● **Task to complete**: Leaving out every picture, please repeat exactly the line that contains "Read moreMal servicio, sobre" and each line after it through the final line below.

● **Source data**:
------------------------------

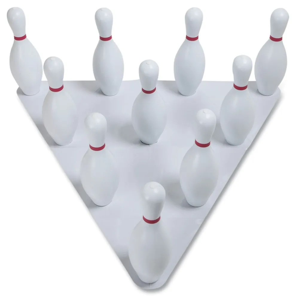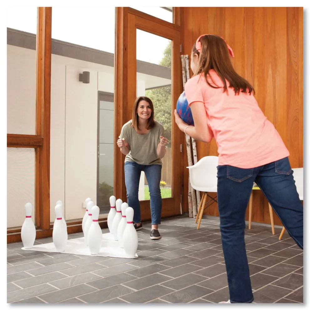 Includes (1) 4.5 lbs. blue/red rubber bowling ball and (10) white plastic pins
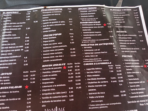 Read moreMal servicio, sobre todo por el camarero tatuado, prepotente y maleducado. Llegamos un grupo grande a las 15:40 y nos dijo de malas formas que si no nos dábamos prisa la cocina cerraba. Para quitarnos de enmedio rápido nos propuso un surtido según él de tapas (que ni nos dijo qué venía después de preguntarle) "marisco" y carne. Nos comentó que ya era suficiente ese surtido y que todos íbamos a comer, venían 6 croquetas, 6 langostinos plancha fríos, 2 sepias pequeñas, carne fileteada con patatas fritas y chipis, los chipis no recomendables, el rebozado se cae a pedazos y están insípidos. Contando que éramos 7 adultos evidentemente nos quedamos con hambre y tuvimos que pedir un par de tapas más a parte. La broma costó más de 250€ contando las bebidas también y algún café. No sabría si recomendar este sitio porque desde luego no tuvimos una buena experiencia. La otra camera que se llama Puri todo lo contrario que el tatuado, amable y muy atenta...
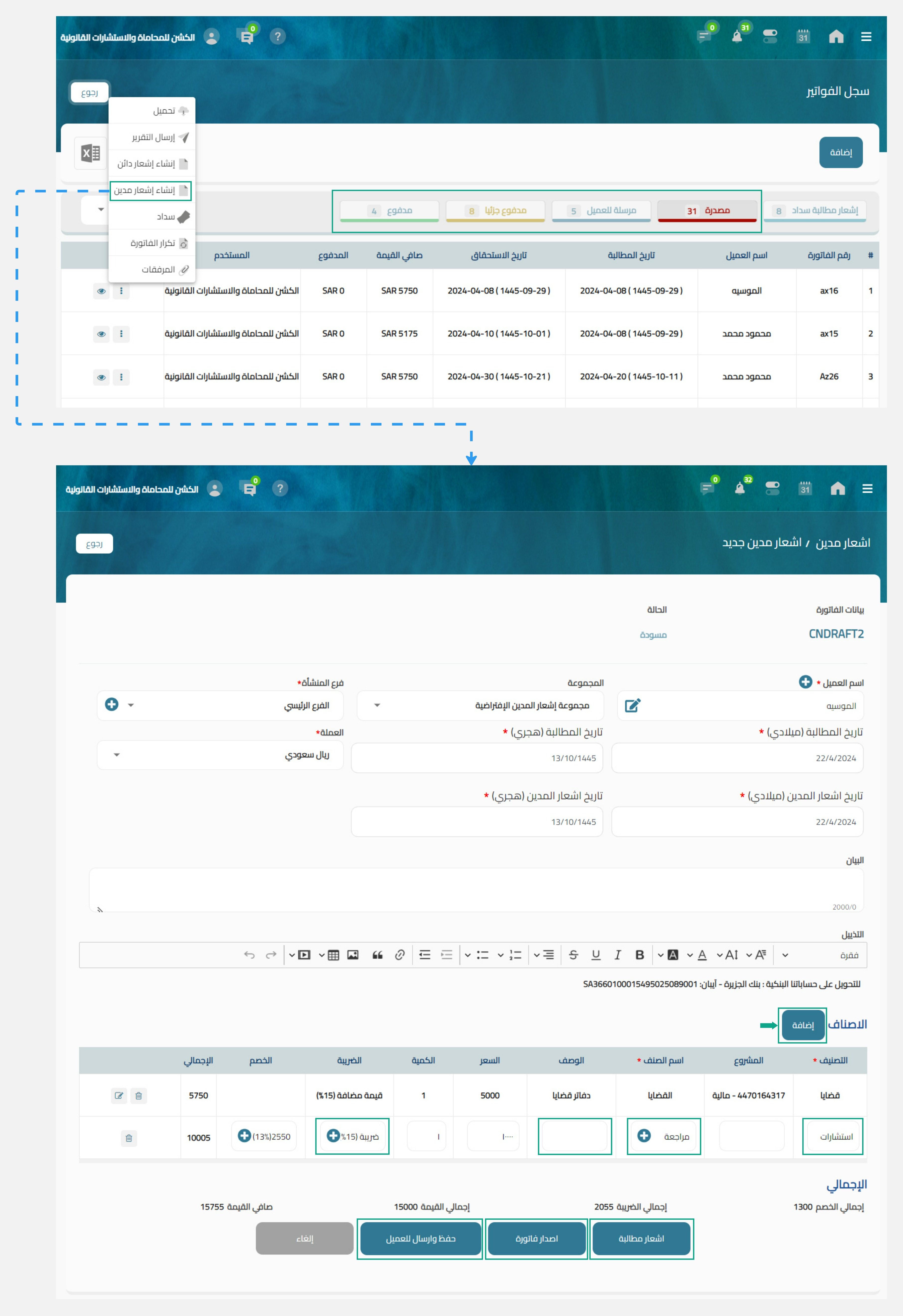 " ثم إختيار إنشاء اشعار مدين لتقوم بتعديل الفاتورة.
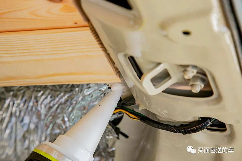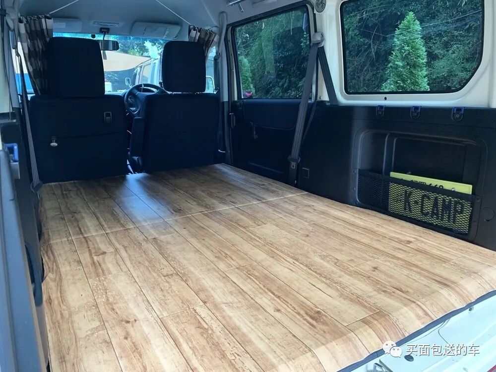 最后完成的“假木质地板”效果,用便宜的方案获得了一个平坦且隔热的车底板。

------------------------------

● **Solution**:
 Read moreMal servicio, sobre todo por el camarero tatuado, prepotente y maleducado. Llegamos un grupo grande a las 15:40 y nos dijo de malas formas que si no nos dábamos prisa la cocina cerraba. Para quitarnos de enmedio rápido nos propuso un surtido según él de tapas (que ni nos dijo qué venía después de preguntarle) "marisco" y carne. Nos comentó que ya era suficiente ese surtido y que todos íbamos a comer, venían 6 croquetas, 6 langostinos plancha fríos, 2 sepias pequeñas, carne fileteada con patatas fritas y chipis, los chipis no recomendables, el rebozado se cae a pedazos y están insípidos. Contando que éramos 7 adultos evidentemente nos quedamos con hambre y tuvimos que pedir un par de tapas más a parte. La broma costó más de 250€ contando las bebidas también y algún café. No sabría si recomendar este sitio porque desde luego no tuvimos una buena experiencia. La otra camera que se llama Puri todo lo contrario que el tatuado, amable y muy atenta...
 " ثم إختيار إنشاء اشعار مدين لتقوم بتعديل الفاتورة.
 最后完成的“假木质地板”效果,用便宜的方案获得了一个平坦且隔热的车底板。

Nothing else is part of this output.